Data records:
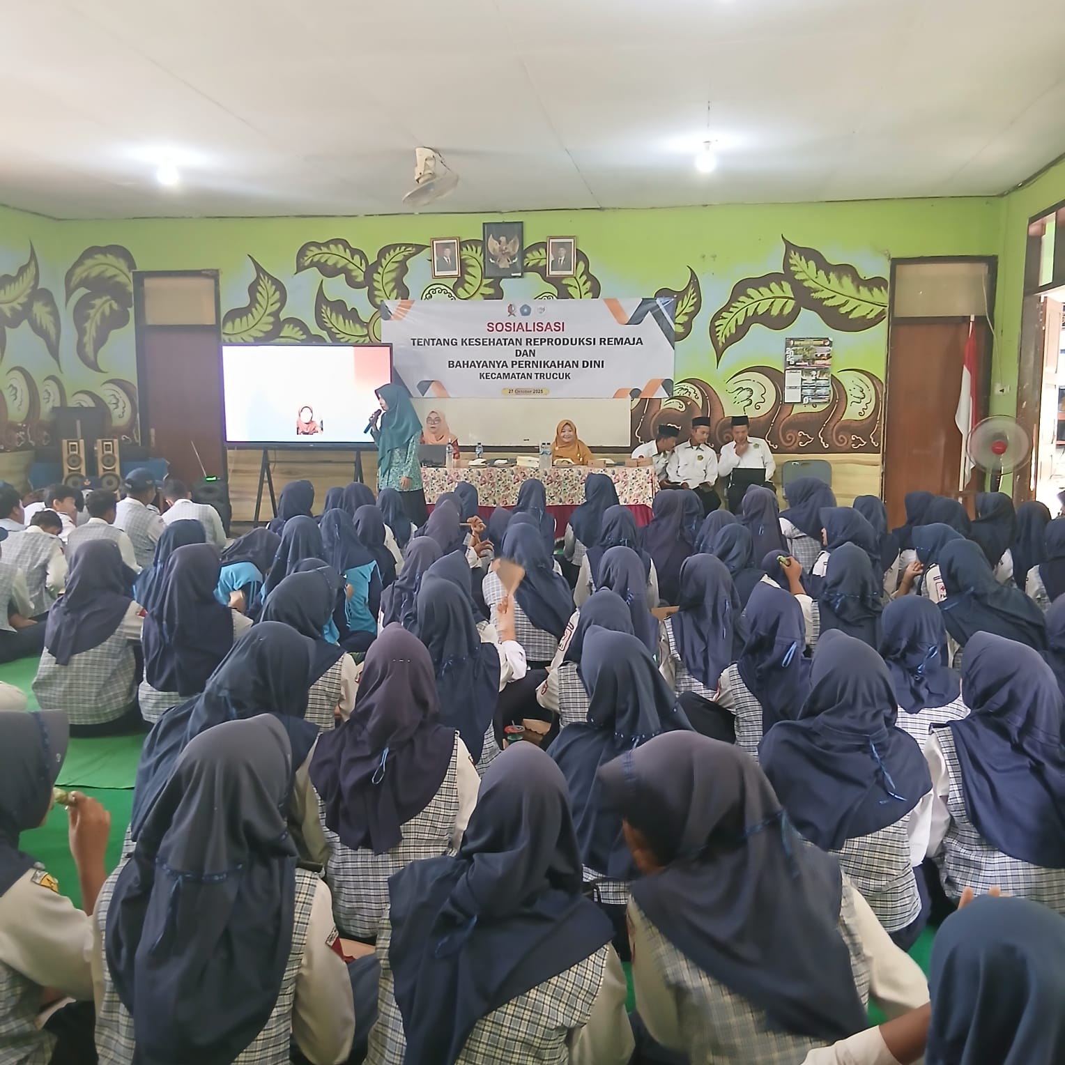 TRUCUK_Bojonegoro.SMP Negeri Trucuk menjadi tuan rumah kegiatan sosialisasi kesehatan reproduksi remaja dan bahayanya pernikahan dini yang diselenggarakan oleh Tim Penggerak PKK Kecamatan Trucuk dan Kepala Puskesmas Trucuk pada Senin, 27 Oktober 2025.
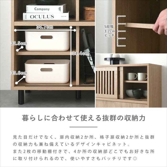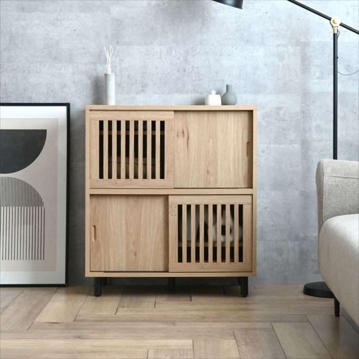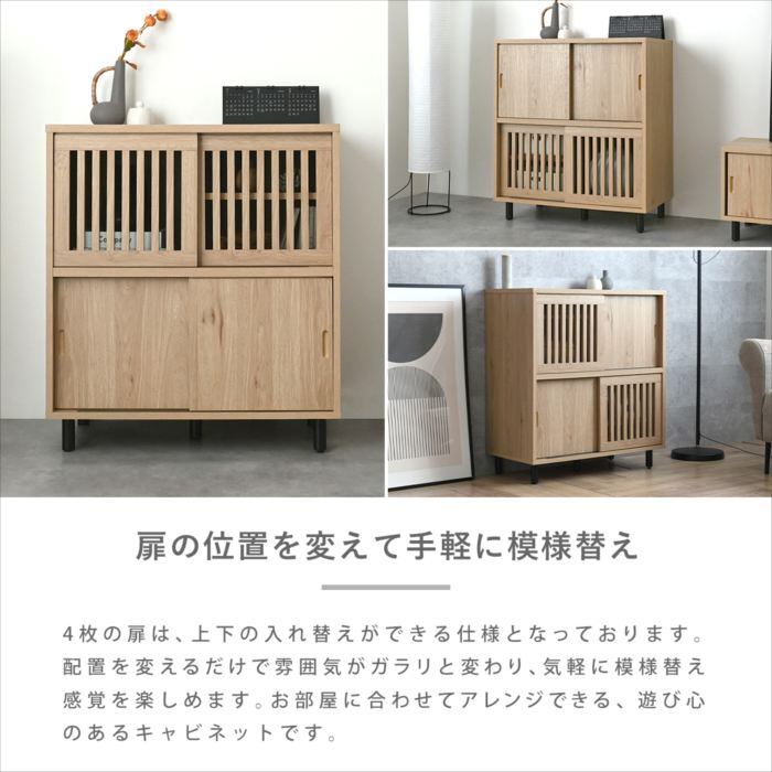 キャビネット 収納 幅75 格子 スライド扉 引き戸 リビング収納 ラック チェスト リビングボード サイドボード 棚 木製 おしゃれ シンプル ナチュラル モダン 脚付き <ヴィットキャビネット BU85-75C> 北欧 おしゃれ 人気
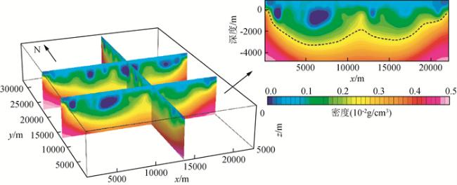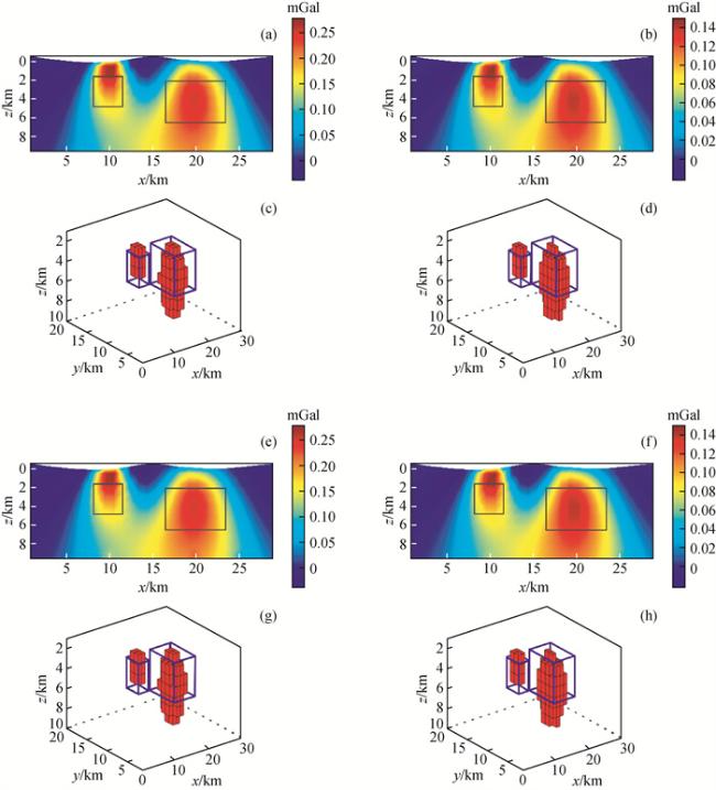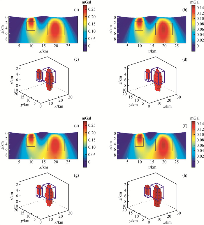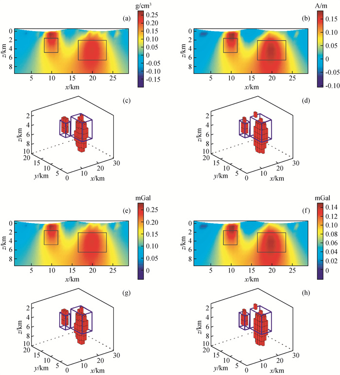 图3 起伏地形重磁联合反演对比图(a)起伏地形常规重磁联合反演密度结果切片图(y=10000 m);(b)起伏地形常规重磁联合反演磁化强度结果切片图(y=10000 m);(c) 起伏地形常规重磁联合反演三维密度分布(大于0.195 g/cm3);(d) 起伏地形常规重磁联合反演三维磁化强度分布(大于0.115 A/m;(e)曲化平重磁快速联合反演密度结果切片图(y=10000 m);(f)曲化平重磁快速联合反演磁化强度结果切片图(y=10000 m);(g)曲化平重磁快速联合反演三维密度分布(大于0.195 g/cm3);(h)曲化平重磁快速联合反演三维磁化强度分布(大于0.115 A/m). Fig 3 Contrast of results of joint inversion of gravity and magnetic with undulating terrain (a) Slice of density result of gravity and magnetic joint inversion of undulating terrain (y=10000 m); (b) Slice of magnetic result of gravity and magnetic joint inversion of undulating terrain (y=10000 m); (c) Three-dimensional density distribution of undulating terrain retrieved by joint inversion of gravity and magnetic (>0.195 g/cm3); (d) Three-dimensional magnetization distribution of undulating terrain retrieved by joint inversion of gravity and magnetic (>0.115 g/cm3); (e)Slice of density results of fast joint inversion of gravity and magnetic (y=10000 m); (f) Slice of magnetization results of fast joint inversion of gravity and magnetic (y=10000 m); (g) Three-dimensional density distribution of fast joint inversion of gravity and magnetic (>0.195 g/cm3); (h) Three-dimensional magnetization distribution of fast joint inversion of gravity and magnetic (>0.115 g/cm3). |
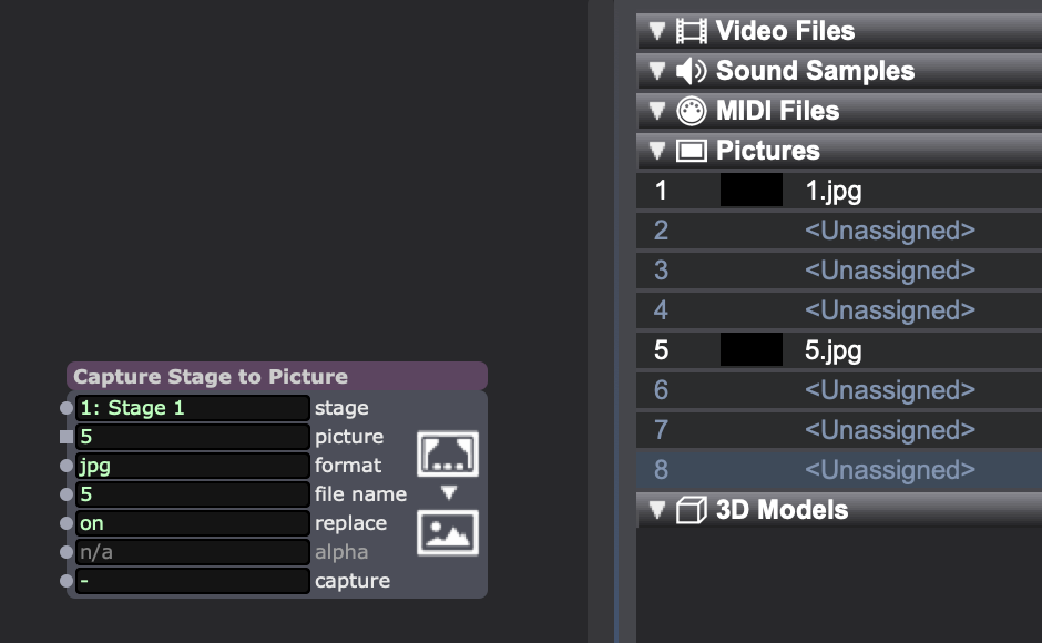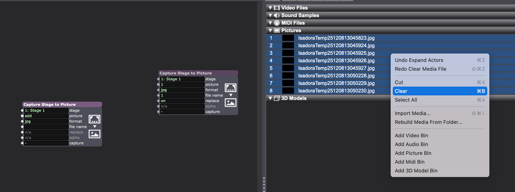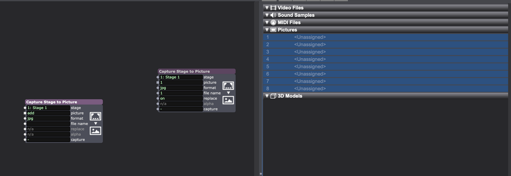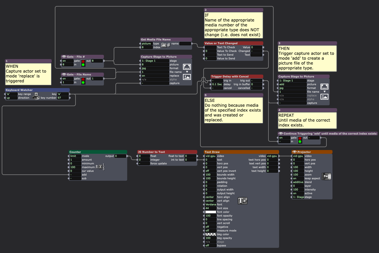 • THEN: Trigger capture actor set to mode 'add' to create a picture file of the appropriate type.
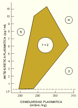 mmol/l) y una disminuida osmolaridad plasmática (<270 mOsm/kg).

* **Required work**: Please set down, exactly and with no pictures, the lines in the entries above starting at the one holding "キャビネット 収納 幅75" and ending at the one holding "(>0.115 g/cm3). |", ends included.

* **Exercise solution**:
 キャビネット 収納 幅75 格子 スライド扉 引き戸 リビング収納 ラック チェスト リビングボード サイドボード 棚 木製 おしゃれ シンプル ナチュラル モダン 脚付き <ヴィットキャビネット BU85-75C> 北欧 おしゃれ 人気
 图3 起伏地形重磁联合反演对比图(a)起伏地形常规重磁联合反演密度结果切片图(y=10000 m);(b)起伏地形常规重磁联合反演磁化强度结果切片图(y=10000 m);(c) 起伏地形常规重磁联合反演三维密度分布(大于0.195 g/cm3);(d) 起伏地形常规重磁联合反演三维磁化强度分布(大于0.115 A/m;(e)曲化平重磁快速联合反演密度结果切片图(y=10000 m);(f)曲化平重磁快速联合反演磁化强度结果切片图(y=10000 m);(g)曲化平重磁快速联合反演三维密度分布(大于0.195 g/cm3);(h)曲化平重磁快速联合反演三维磁化强度分布(大于0.115 A/m). Fig 3 Contrast of results of joint inversion of gravity and magnetic with undulating terrain (a) Slice of density result of gravity and magnetic joint inversion of undulating terrain (y=10000 m); (b) Slice of magnetic result of gravity and magnetic joint inversion of undulating terrain (y=10000 m); (c) Three-dimensional density distribution of undulating terrain retrieved by joint inversion of gravity and magnetic (>0.195 g/cm3); (d) Three-dimensional magnetization distribution of undulating terrain retrieved by joint inversion of gravity and magnetic (>0.115 g/cm3); (e)Slice of density results of fast joint inversion of gravity and magnetic (y=10000 m); (f) Slice of magnetization results of fast joint inversion of gravity and magnetic (y=10000 m); (g) Three-dimensional density distribution of fast joint inversion of gravity and magnetic (>0.195 g/cm3); (h) Three-dimensional magnetization distribution of fast joint inversion of gravity and magnetic (>0.115 g/cm3). |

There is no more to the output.